Data excerpt:
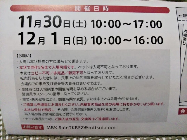 今回の、三井物産のファミリーセール「ウインターセール」の日程は、11月30日(土)、12月1日(日)の2日間でした。
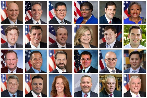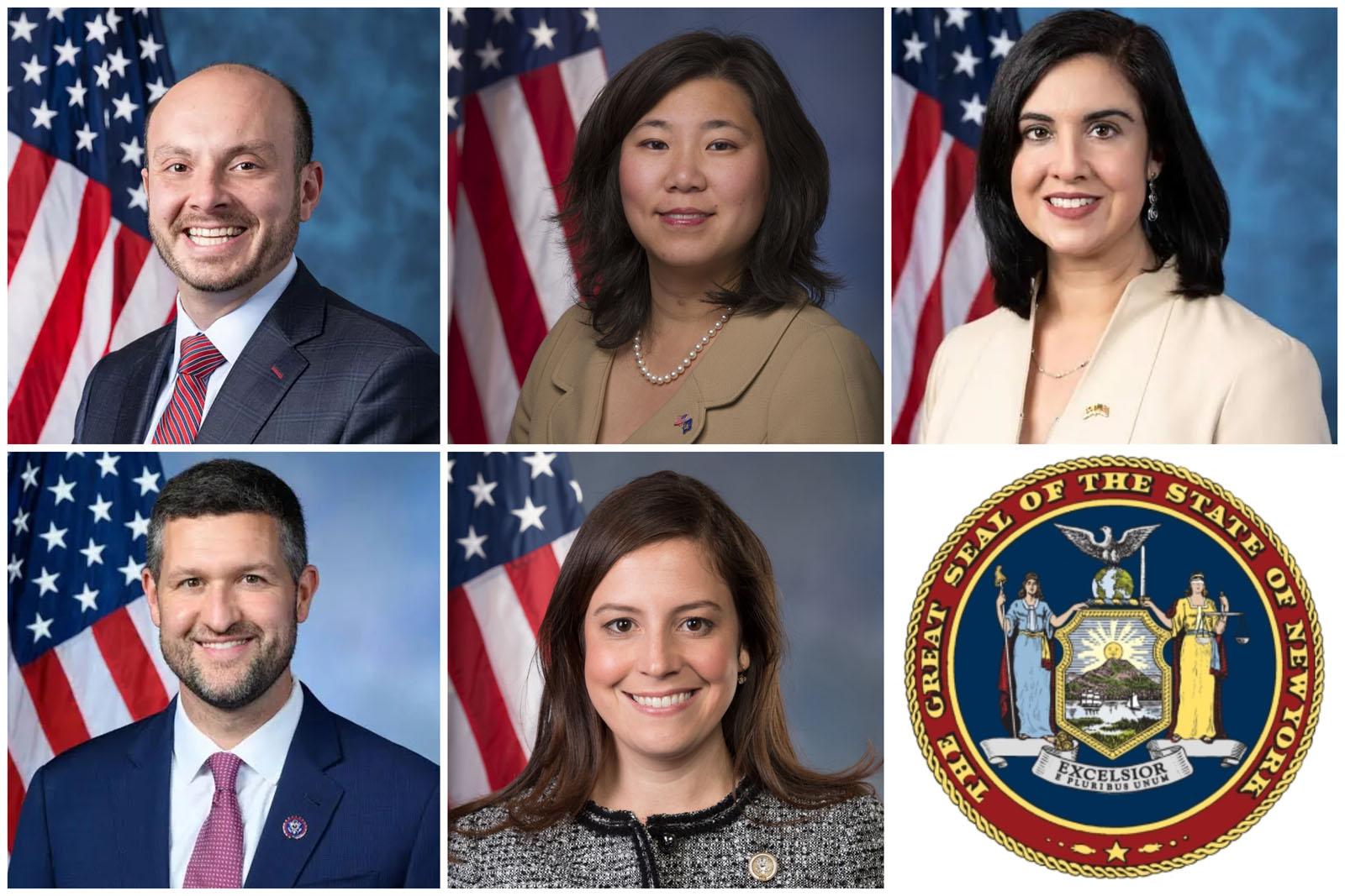 Proklamacje oraz listy gratulacyjne dla Shen Yun napłynęły od członków Kongresu Stanów Zjednoczonych (w kolejności według okręgów, od góry do dołu i od lewej do prawej): kongresmana Andrew Reeda Garbarino (2. okręg); kongreswoman Grace Meng (6. okręg); kongreswoman Nicole Malliotakis (11. okręg); kongresmana Patricka Ryana (18. okręg); oraz kongreswoman Elise Stefanik (21. Okręg)
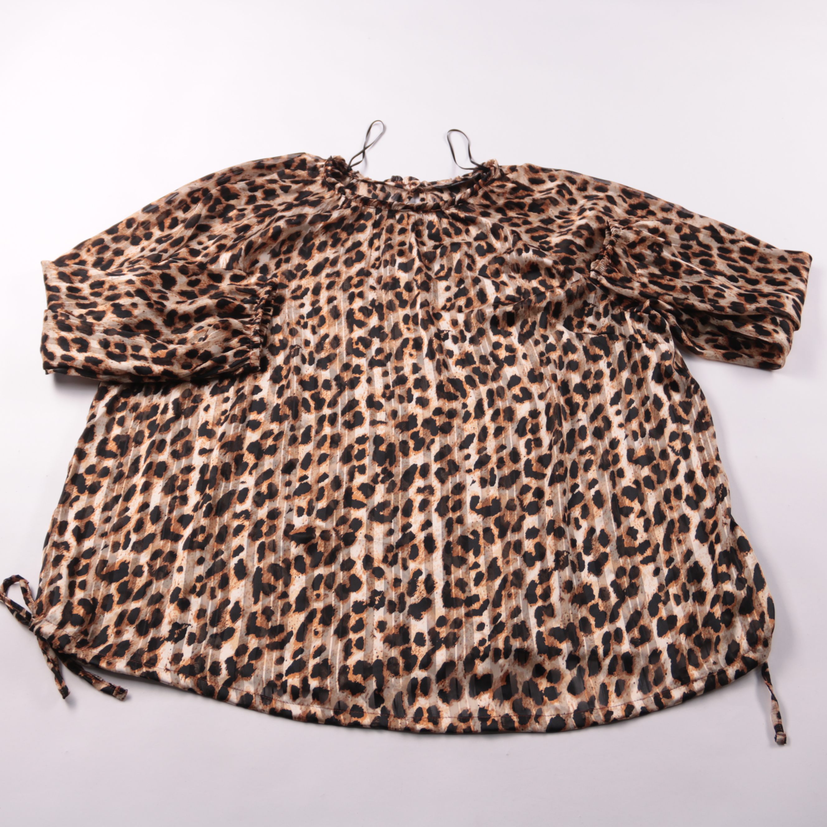 Блузка George с леопардовым принтом, лёгкая и свободного кроя, с присборенной горловиной и рукавами 3/4. Подойдёт для школы, праздника или повседневных образов с джинсами/юбкой. Ткань тонкая и быстро сохнет после стирки.
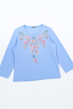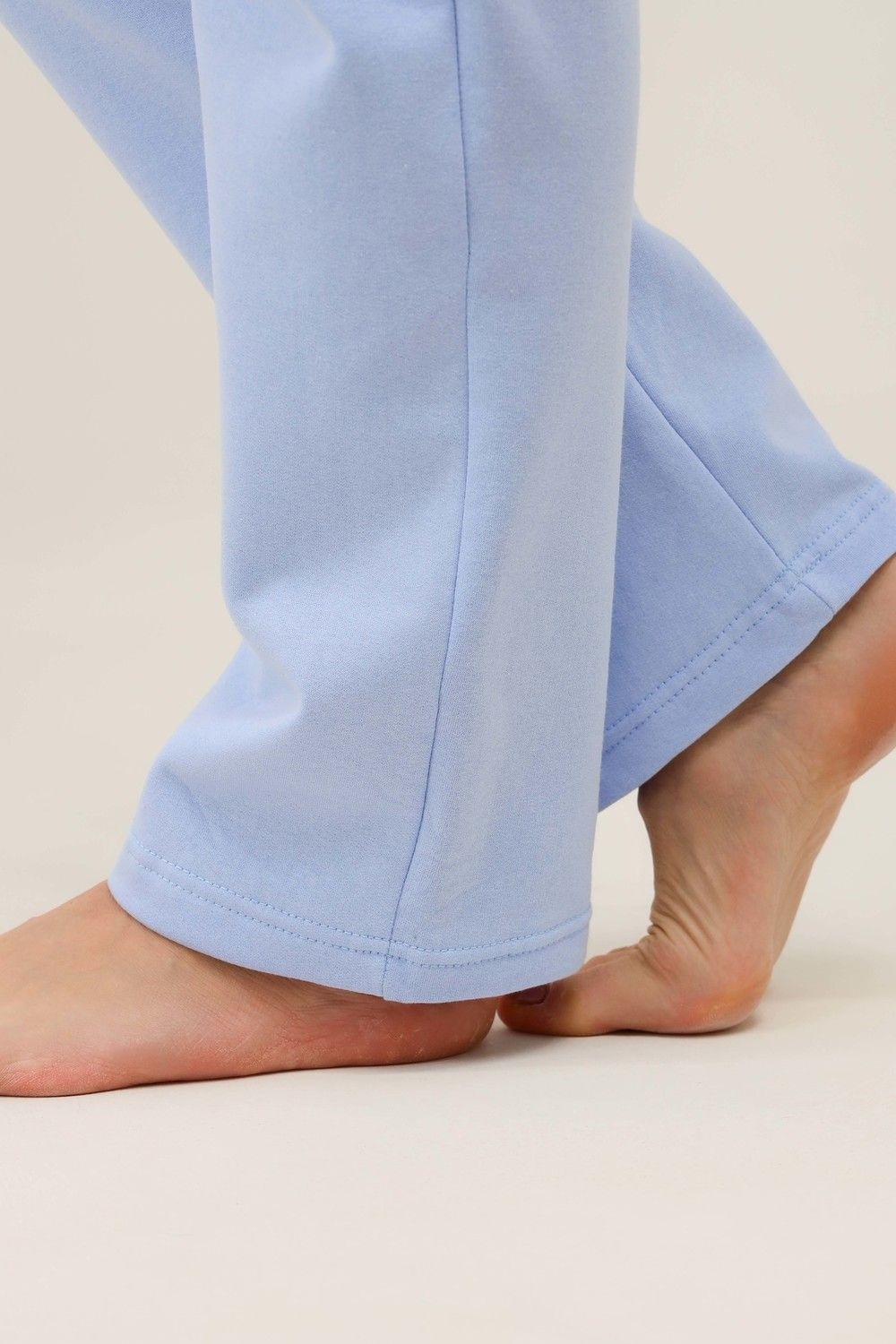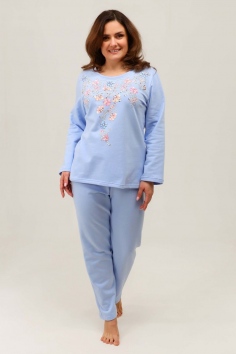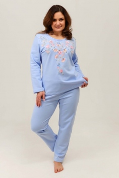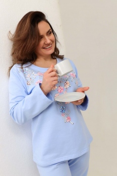 Женская пижама из футера 2-х нитки с начёсом. Дизайн позволяет использовать данную модель как пижаму для сна, так и в качестве костюма для дома. Брюки и лонгслив свободного кроя. Нежный изящный принт в виде россыпи жемчуга и цветов. В измерениях обхвата талии указан размер резинки, которая растягивается без проблем до стандартных измерений фигуры. Очень удобная высокая посадка брюк. Длинные рукава для уюта и тепла.

What is being asked:
Everything from the first line of the listing above through the line that contains "Блузка George с" is to be restated word for word, minus the pictures.

Answer for the task:
 今回の、三井物産のファミリーセール「ウインターセール」の日程は、11月30日(土)、12月1日(日)の2日間でした。
 Proklamacje oraz listy gratulacyjne dla Shen Yun napłynęły od członków Kongresu Stanów Zjednoczonych (w kolejności według okręgów, od góry do dołu i od lewej do prawej): kongresmana Andrew Reeda Garbarino (2. okręg); kongreswoman Grace Meng (6. okręg); kongreswoman Nicole Malliotakis (11. okręg); kongresmana Patricka Ryana (18. okręg); oraz kongreswoman Elise Stefanik (21. Okręg)
 Блузка George с леопардовым принтом, лёгкая и свободного кроя, с присборенной горловиной и рукавами 3/4. Подойдёт для школы, праздника или повседневных образов с джинсами/юбкой. Ткань тонкая и быстро сохнет после стирки.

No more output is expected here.